[WHAT IS NEEDED]: Copy nothing but the line with "Bestplay fodbold rebounder" and the lines that follow it to the end of the entries below, and keep the pictures out.

[ENTRIES PROVIDED]:

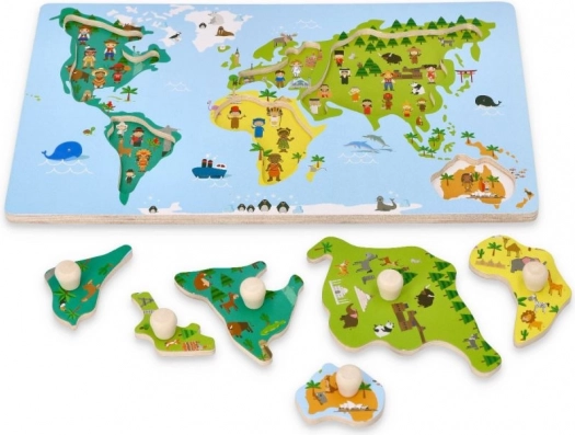 Dėlionė vaizduoja žemynus ryškiomis spalvomis su pieštiniais gyvūnais ir lankytinomis vietomis, todėl vaikams lengviau mokytis ir geografija tampa įdomi.
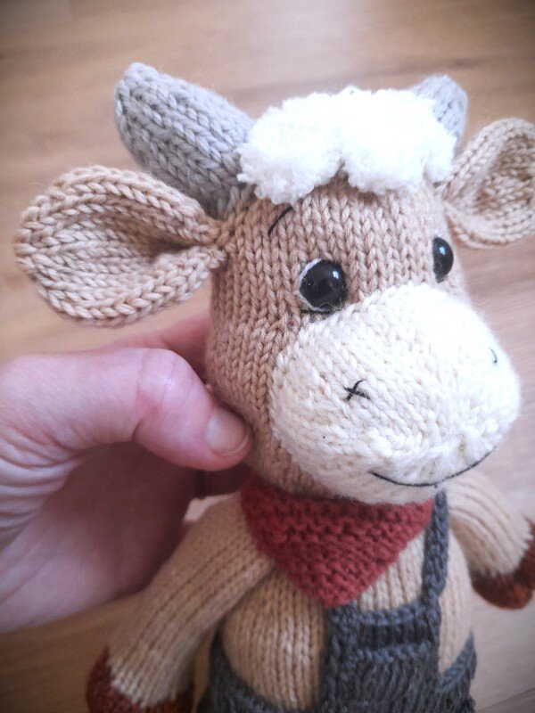 Die fertige Kuh hat eine Größe von ca. 33 cm. Natürlich kann die Größe materialbedingt variieren.
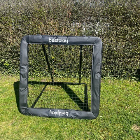 Bestplay fodbold rebounder i sort. Robust metalstel med net og polstret kant hele vejen rundt. Velegnet til træning af afleveringer, førsteberøringer og skud, både i have og på træningsbanen. Justerbare elastikker ved nettet gør det muligt at tilpasse spændingen efter behov.
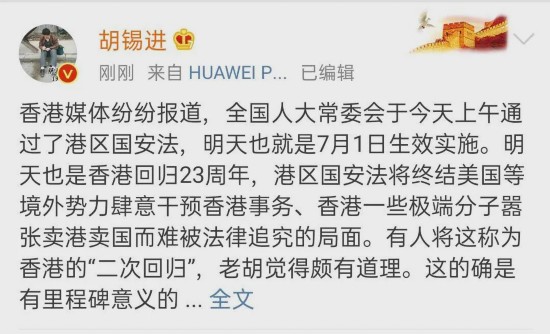 香港媒体纷纷报道,全国人大常委会于今天上午通过了港区国安法,明天也就是7月1日生效实施。明天也是香港回归23周年,港区国安法将终结美国等境外势力肆意干预香港事务、香港一些极端分子嚣张卖港卖国而难被法律追究的局面。有人将这称为香港的“二次回归”,老胡觉得颇有道理。这的确是有里程碑意义的历史节点。
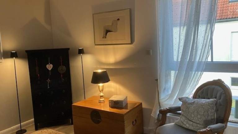 Die Ferienwohnung ist ausgestattet mit einem Schlafzimmer, einer Küche, die mit Kühlschrank und Geschirrspüler versehen ist, einem Badezimmer mit Dusche, Haartrockner und Waschmaschine. Handtücher und Bettwäsche werden bereitgestellt.
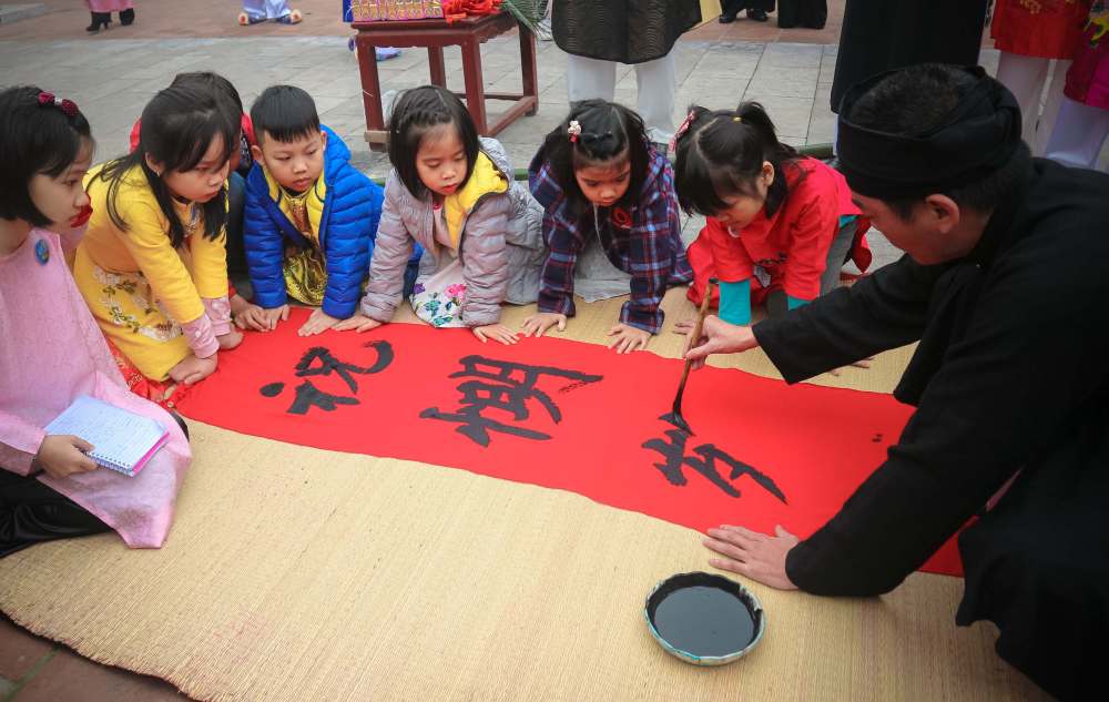 在河内市文庙的节前对联一条街,选购对联及字帖的顾客络绎不绝。

[RESULT OF THIS TASK]:
 Bestplay fodbold rebounder i sort. Robust metalstel med net og polstret kant hele vejen rundt. Velegnet til træning af afleveringer, førsteberøringer og skud, både i have og på træningsbanen. Justerbare elastikker ved nettet gør det muligt at tilpasse spændingen efter behov.
 香港媒体纷纷报道,全国人大常委会于今天上午通过了港区国安法,明天也就是7月1日生效实施。明天也是香港回归23周年,港区国安法将终结美国等境外势力肆意干预香港事务、香港一些极端分子嚣张卖港卖国而难被法律追究的局面。有人将这称为香港的“二次回归”,老胡觉得颇有道理。这的确是有里程碑意义的历史节点。
 Die Ferienwohnung ist ausgestattet mit einem Schlafzimmer, einer Küche, die mit Kühlschrank und Geschirrspüler versehen ist, einem Badezimmer mit Dusche, Haartrockner und Waschmaschine. Handtücher und Bettwäsche werden bereitgestellt.
 在河内市文庙的节前对联一条街,选购对联及字帖的顾客络绎不绝。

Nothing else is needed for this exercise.